Work to be completed
No pictures go into the copy. Write out exactly the lines below from the one containing "NWT Sanrio Hello" through the one containing "5、計算機配置 - 管理模板".

Provided records
+---+

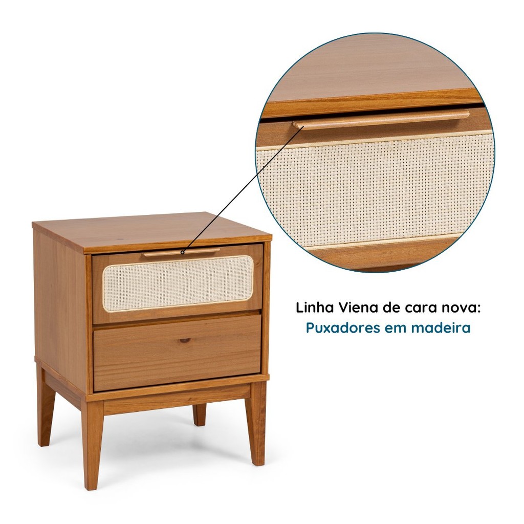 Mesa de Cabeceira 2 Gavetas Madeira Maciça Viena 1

+---+

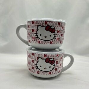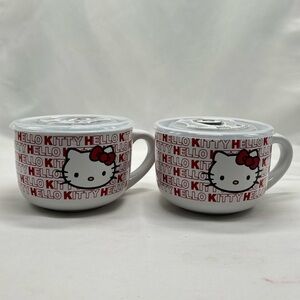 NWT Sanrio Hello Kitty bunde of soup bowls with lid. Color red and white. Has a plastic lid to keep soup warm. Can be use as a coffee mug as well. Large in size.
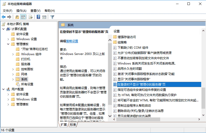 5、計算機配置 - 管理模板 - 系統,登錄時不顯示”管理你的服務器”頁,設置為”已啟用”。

+---+

Finished task
 NWT Sanrio Hello Kitty bunde of soup bowls with lid. Color red and white. Has a plastic lid to keep soup warm. Can be use as a coffee mug as well. Large in size.
 5、計算機配置 - 管理模板 - 系統,登錄時不顯示”管理你的服務器”頁,設置為”已啟用”。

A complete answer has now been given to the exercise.